Hiring the right people – how, when, why?
April 14, 2008
The gang here at wediaup have been thinking about the not too distant future when we will have to hire a couple of developers. Now things start to get interesting – because all the theory and BS we’ve thrown around has to get a little more concrete. We talk about wanting the “google” atmosphere and all – but are we really ready to walk-the-walk?
I found a couple of good articles about how to hire and one theme seems to be the good hires don’t really need a resume:
There is no surprise then that only 1 of our 3 existing team members actually had to submit a resume to us, which we never read twice. All 3 were hired from our network of influence either because we worked with them previously or because they came highly recommended from people we knew.
As scary as that sounds – it’s more true than we think. The idea seems to be we need to really look for people where ever we can find – but reality says we’re not going to hire too far outside of our network. The risk just increases so much as we get further away.
This is controversial, but here goes: I think if you’re remarkable, amazing or just plain spectacular, you probably shouldn’t have a resume at all. Great people shouldn’t have a resume.
The post goes on to say you need some more original that a resume, he gives examples:
How about three extraordinary letters of recommendation from people the employer knows or respects? Or a sophisticated project they can see or touch? Or a reputation that precedes you? Or a blog that is so compelling and insightful that they have no choice but to follow up?
But my favorite part is when he says some will say, “well, that’s fine, but I don’t have those.”
Yeah, that’s my point. If you don’t have those, why do you think you are remarkable, amazing or just plain spectacular? It sounds to me like if you don’t have those, you’ve been brainwashed into acting like you’re sort of ordinary.
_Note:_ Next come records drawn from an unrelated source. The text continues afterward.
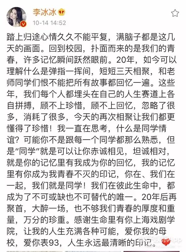 大家在上海相聚了3天,好好的叙了叙同窗情,李冰冰还发了条长微博感慨呢。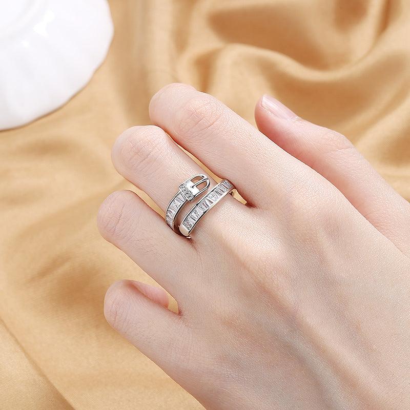 This stylish alloy ring features a unique belt buckle design, making it a perfect addition to your jewelry collection. Ideal for women, this ring is a great gift choice.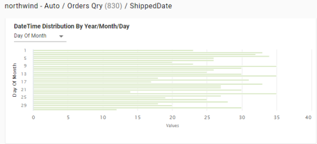 - DateTime Distribution By Year/Month/Day: For dateTime properties, computes a histogram that shows the distribution of values by year, month, and day.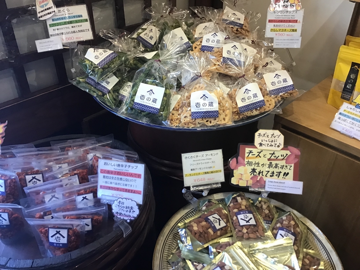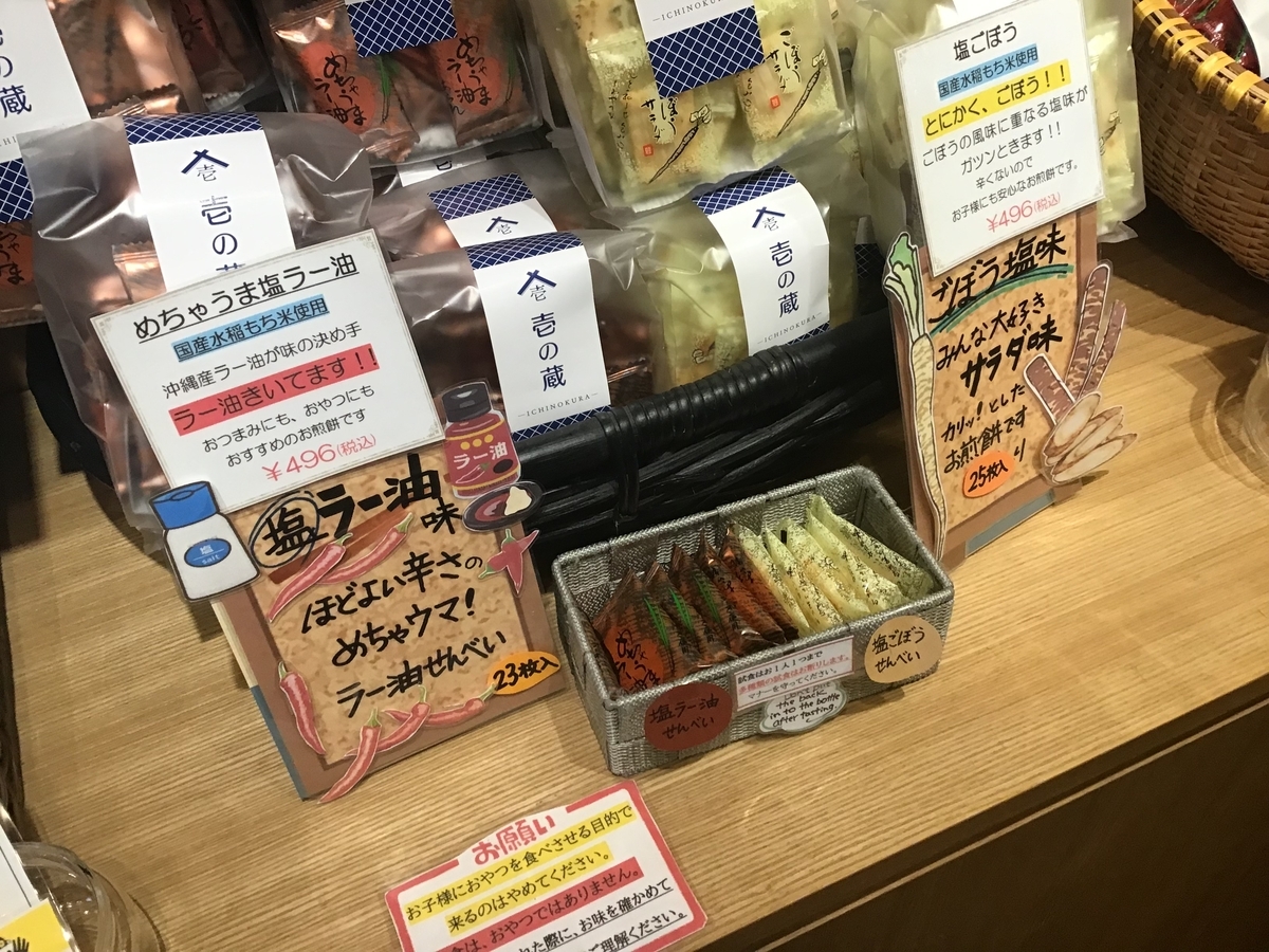 ラー油せんべいは酒のツマミに最高。他にゴーヤスナック、さつまいもチップスなどを買った。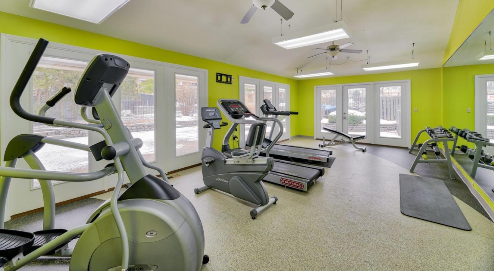 • a gym with exercise equipment

Numerically, great people are pretty rare, and they’re never on the job market, while incompetent people, even though they are just as rare, apply to thousands of jobs throughout their career. So now, Sparky, back to that big pile of resumes you got off of Craigslist. Is it any surprise that most of them are people you don’t want to hire?
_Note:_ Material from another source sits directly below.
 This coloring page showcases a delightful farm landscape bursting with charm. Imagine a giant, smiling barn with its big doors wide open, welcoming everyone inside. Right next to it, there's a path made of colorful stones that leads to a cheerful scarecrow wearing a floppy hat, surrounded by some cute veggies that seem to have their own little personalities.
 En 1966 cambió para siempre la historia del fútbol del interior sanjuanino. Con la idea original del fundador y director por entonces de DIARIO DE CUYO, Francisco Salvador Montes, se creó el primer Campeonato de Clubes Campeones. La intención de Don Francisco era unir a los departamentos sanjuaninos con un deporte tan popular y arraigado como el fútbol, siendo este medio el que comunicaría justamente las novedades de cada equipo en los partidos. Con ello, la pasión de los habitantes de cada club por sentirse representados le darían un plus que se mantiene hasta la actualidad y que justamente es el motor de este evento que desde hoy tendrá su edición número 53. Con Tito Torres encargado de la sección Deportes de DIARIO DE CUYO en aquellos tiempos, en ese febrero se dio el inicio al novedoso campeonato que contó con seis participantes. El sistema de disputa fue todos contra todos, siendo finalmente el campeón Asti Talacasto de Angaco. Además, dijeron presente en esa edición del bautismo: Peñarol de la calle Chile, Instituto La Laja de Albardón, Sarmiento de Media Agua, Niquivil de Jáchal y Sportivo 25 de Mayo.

Look for the hot new technology of the day. Last year it was Python; this year it’s Ruby. Go to their conferences where you’ll find early adopters who are curious about new things and always interested in improving.
So – at the end of the day (well maybe quarter) we still need to find that right person. How do you write that job description and where do you put it? I guess it still comes down to that network and conversation.
So I guess what I am asking is who wants to talk about developers?